Vol. 5 No. 3 (2021)
Articles

Detection of Pancreatic Cancer using Faster Region Convolution Neural Network

Published 2021-12-30

Abstract

Pancreatic cancer is one of the most common malignant tumors of the digestive system. According to WHO more than 2 lakh people die annually because of pancreatic cancer. The highest incidence and mortality rates of pancreatic cancer are found in developed countries. Pancreatic cancer is a highly lethal disease, for which mortality closely parallels incidence. Most patients with pancreatic cancer remain asymptomatic until the disease reaches an advanced stage. There is no standard program for screening patients at high risk of pancreatic cancer (example, those with a family history of pancreatic cancer and chronic pancreatitis).  A known cause of pancreatic cancer is tobacco smoking. This risk factor is likely to explain some of the international variations and gender differences.

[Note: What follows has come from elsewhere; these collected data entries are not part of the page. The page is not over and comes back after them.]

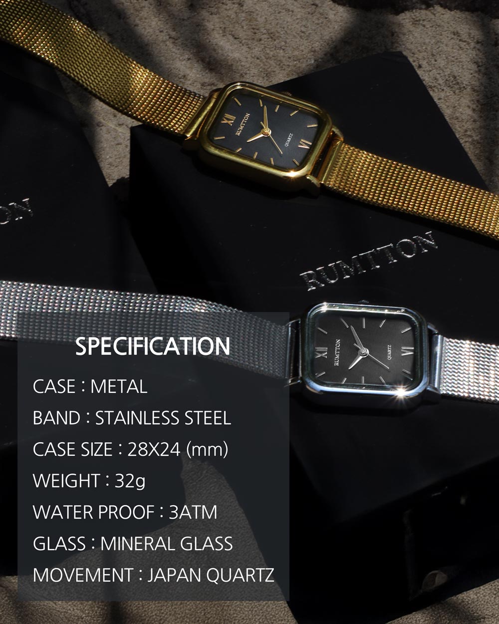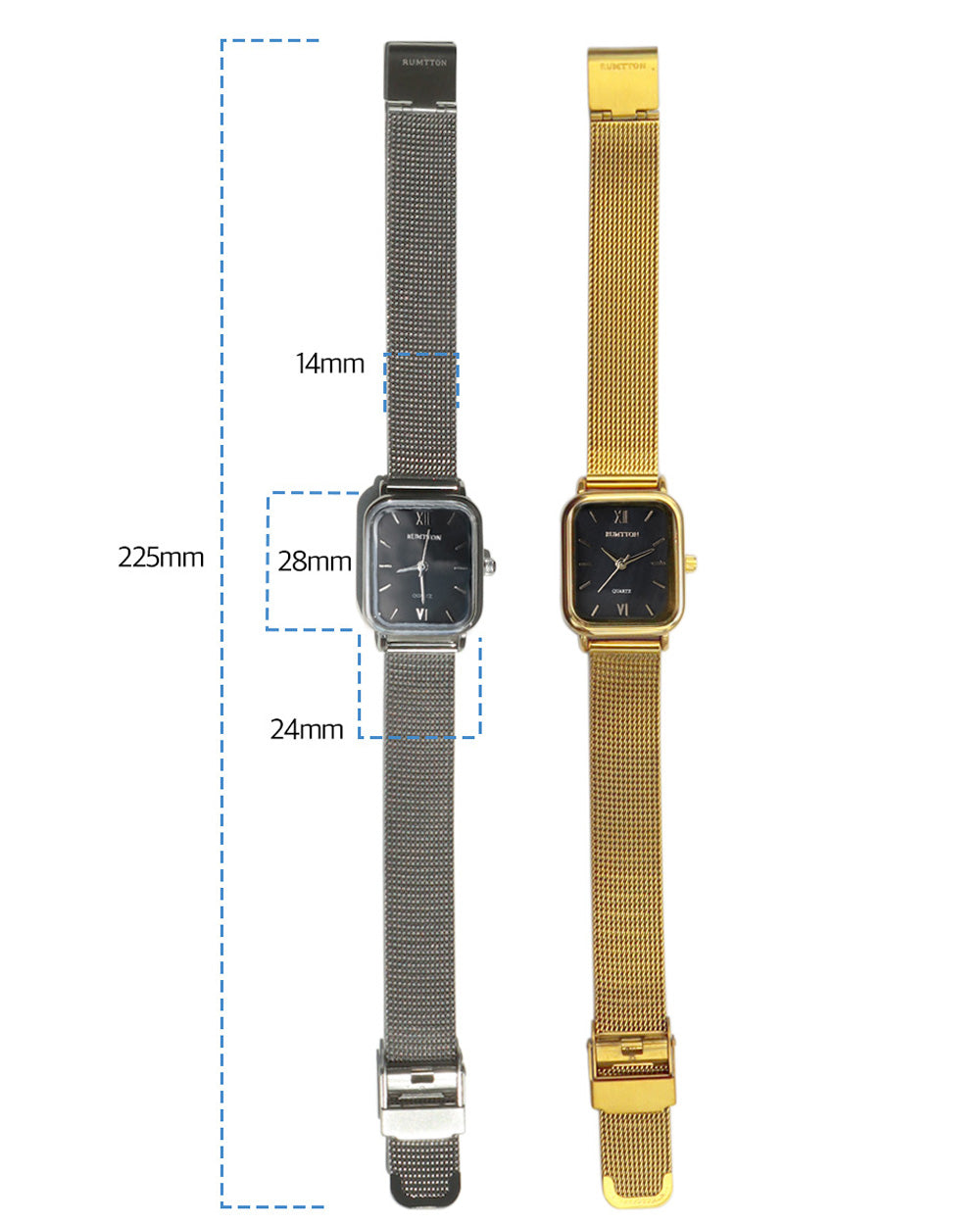 The RUMTTON HARBOR Gold watch features a luminous black mother-of-pearl dial that adds a touch of sophistication to your look. The comfortable mesh band makes it a versatile enough for any occasion. This timeless design is perfect for everyday wear.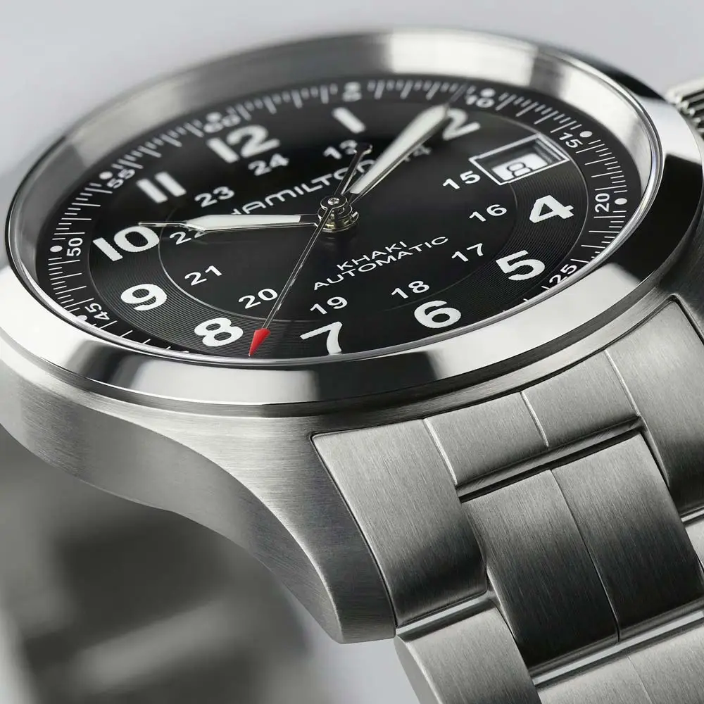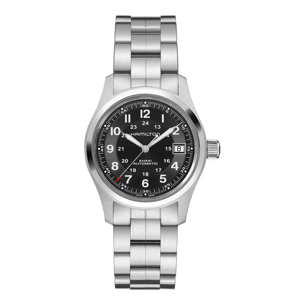 Typickým znakem Khaki Field hodinek je čistý číselník s výraznými arabskými číslicemi, 24hodinovou stupnicí a luminiscenčními ručkami. Nabízejí se v různých velikostech a provedeních – od mechanických modelů s ručním nátahem, přes automatické verze, až po quartzové varianty. Pouzdra jsou často z oceli s matnou úpravou, doplněná textilními, koženými nebo ocelovými náramky, odolnými proti každodennímu opotřebení.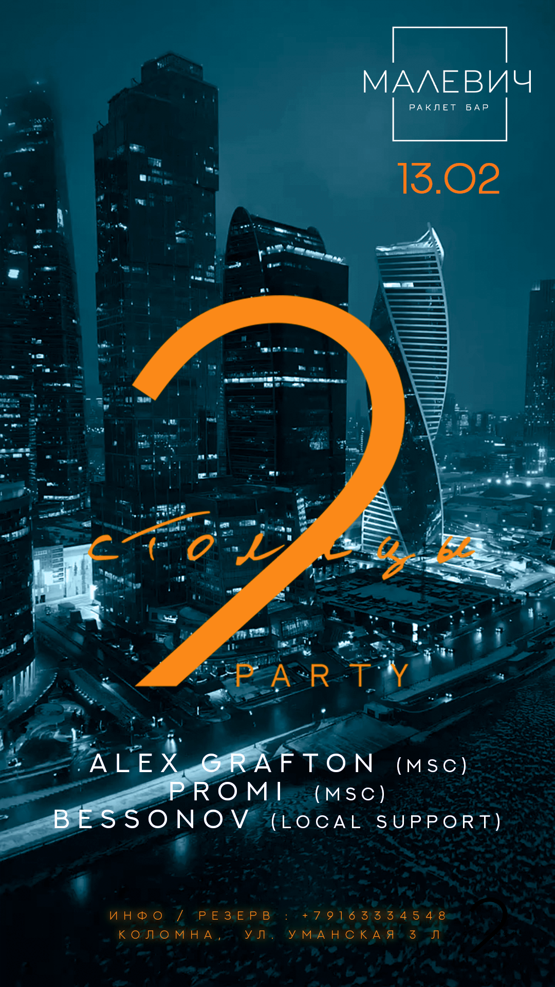 Отличные новости на этот понедельник: 13 февраля мы отправляемся в город Коломна на вечеринку в Малевиче с шоукейсом «2 столицы»! 🌆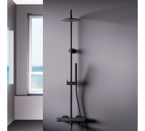 Душевая система Damixa Scandinavian Pure с ванно-душевым термостатическим смесителем, чёрный 936810300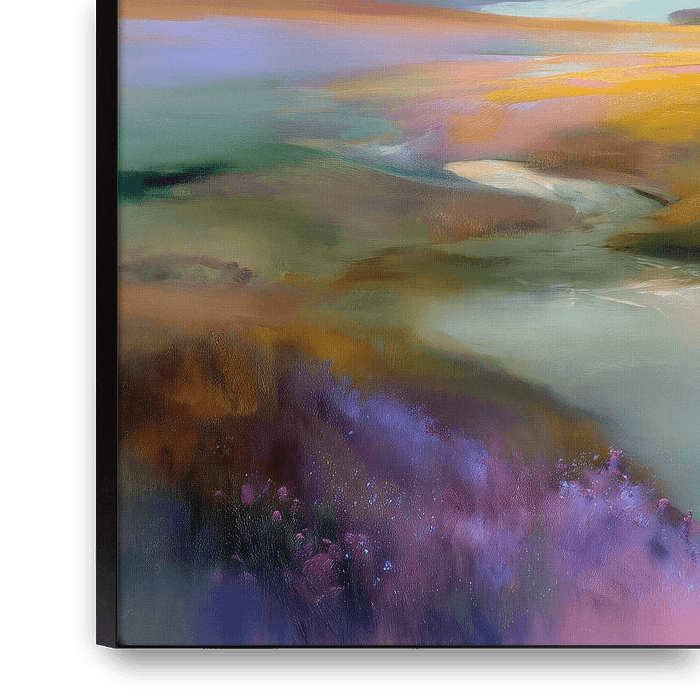 Ihre gewählte Kunst auf Leinwand, gespannt in einem Aluminiumrahmen. Schnell und einfach austauschbar für eine frische Ausstrahlung und ganz nach Ihren Wünschen.

One of the most affected cancer that predicted to be incurable are Pancreatic Cancer, which cannot be treated efficiently once identified, in most of the cases it found to be unpredictable as it lies in the abdomen region below the stomach. Therefore, the advancements in the medical research are trending towards the implementations of an automated systems which identifies the stages of cancer if affected and provide the better diagnosis and treatment if identified. Deep learning is one such area which extended its research towards medical imaging, which automates the process of diagnosing the problems of the patients when appended with the set of machines like CT/PET Scan systems. This study was performed to predict the affected areas in pancreas by deep learning techniques like CNN, allowing this system to read CT images correctly and make diagnosis of pancreatic cancer faster using faster region-based convolution network (Faster R-CNN) model with less outliers.